REQUIRED ACTION: With nothing left out, give the data back exactly.
INFORMATION PROVIDED section start
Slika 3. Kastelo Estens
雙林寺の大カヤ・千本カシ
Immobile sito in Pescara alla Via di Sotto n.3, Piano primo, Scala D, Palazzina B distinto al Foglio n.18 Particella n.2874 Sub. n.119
INFORMATION PROVIDED section end
OUTPUT FOR THIS TASK:
Slika 3. Kastelo Estens
雙林寺の大カヤ・千本カシ
Immobile sito in Pescara alla Via di Sotto n.3, Piano primo, Scala D, Palazzina B distinto al Foglio n.18 Particella n.2874 Sub. n.119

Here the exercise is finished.